_Aim of the exercise_: What the task requires is an exact printout of the listing below, pictures excluded.

_Dataset excerpt_:

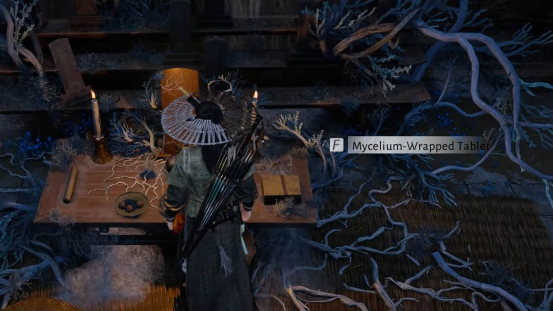 Step 1: Inside the shrine, examine the tablets. There are tablets on the right and left, but the important one is the center tablet wrapped in mycelium. Interacting with this mycelium-covered tablet pulls you into a vision-like sequence.
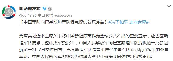 國防部新聞局官方微博「國防部發布」消息,為落實習近平主席關於將中國新冠疫苗作為全球公共產品的重要宣示,應巴基斯坦軍隊請求,經中央軍委批准,中國人民解放軍向巴基斯坦軍隊提供的一批新冠疫苗於2月7日交付巴方。巴基斯坦軍隊是首個接受中國軍隊新冠疫苗援助的外國軍隊。中國人民解放軍將繼續為構建人類衛生健康共同體作出積極貢獻。
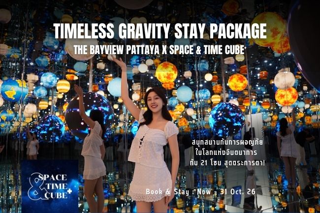 The Bayview Pattaya X Space & Time Cube+ presents “Timeless Gravity Stay”. Step into an experience beyond time. Enjoy a room package with breakfast plus exhibition tickets for 2 persons. Starting from THB 3,640 with exclusive privileges included.
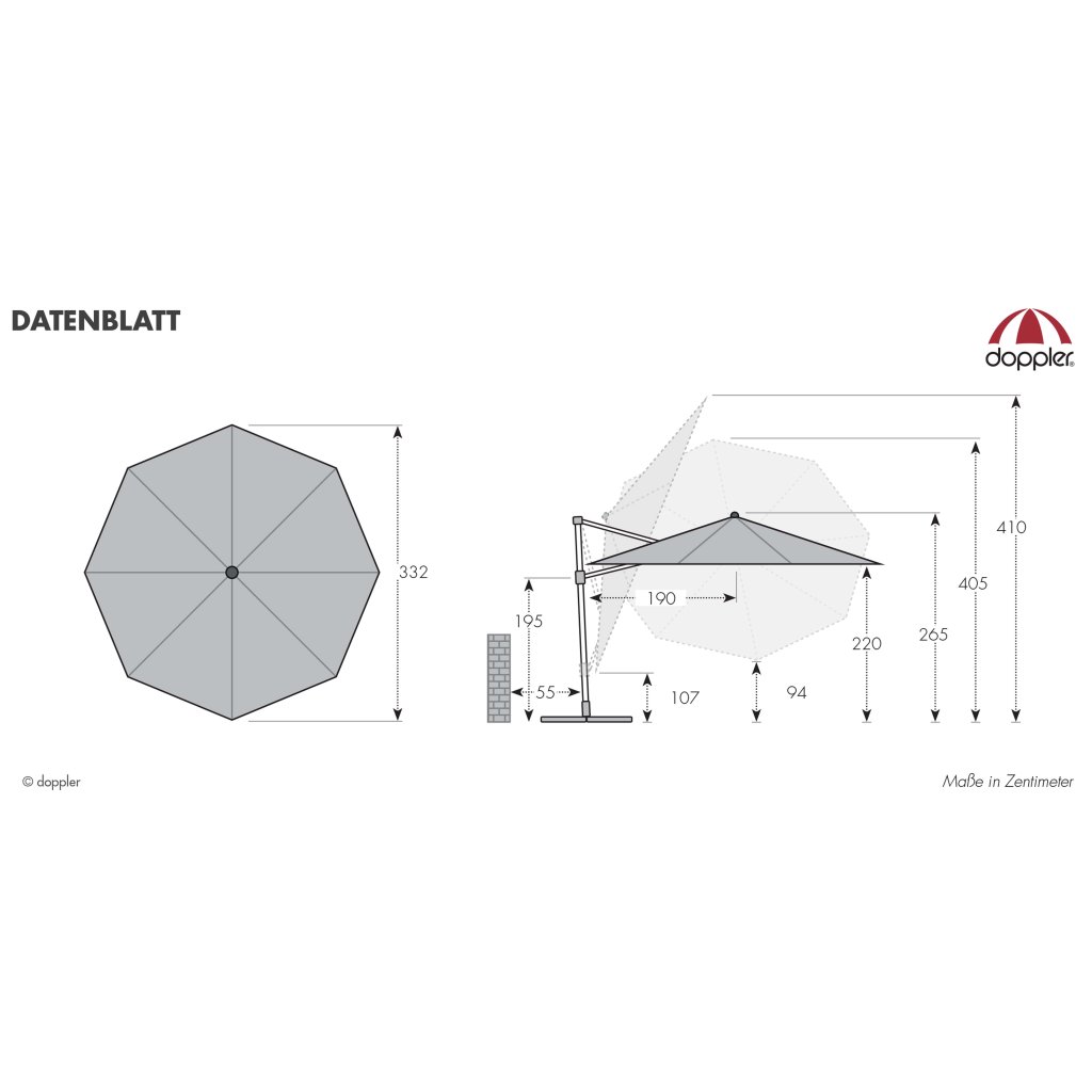 | Cechy i funkcje: | Odporny na warunki atmosferyczne, Obrót wokół osi, Pochylanie, Zdejmowany/ręcznie zmywalny pokrowiec na parasol, Automatyczne otwieranie za pomocą klamki |

_Final answer_:
 Step 1: Inside the shrine, examine the tablets. There are tablets on the right and left, but the important one is the center tablet wrapped in mycelium. Interacting with this mycelium-covered tablet pulls you into a vision-like sequence.
 國防部新聞局官方微博「國防部發布」消息,為落實習近平主席關於將中國新冠疫苗作為全球公共產品的重要宣示,應巴基斯坦軍隊請求,經中央軍委批准,中國人民解放軍向巴基斯坦軍隊提供的一批新冠疫苗於2月7日交付巴方。巴基斯坦軍隊是首個接受中國軍隊新冠疫苗援助的外國軍隊。中國人民解放軍將繼續為構建人類衛生健康共同體作出積極貢獻。
 The Bayview Pattaya X Space & Time Cube+ presents “Timeless Gravity Stay”. Step into an experience beyond time. Enjoy a room package with breakfast plus exhibition tickets for 2 persons. Starting from THB 3,640 with exclusive privileges included.
 | Cechy i funkcje: | Odporny na warunki atmosferyczne, Obrót wokół osi, Pochylanie, Zdejmowany/ręcznie zmywalny pokrowiec na parasol, Automatyczne otwieranie za pomocą klamki |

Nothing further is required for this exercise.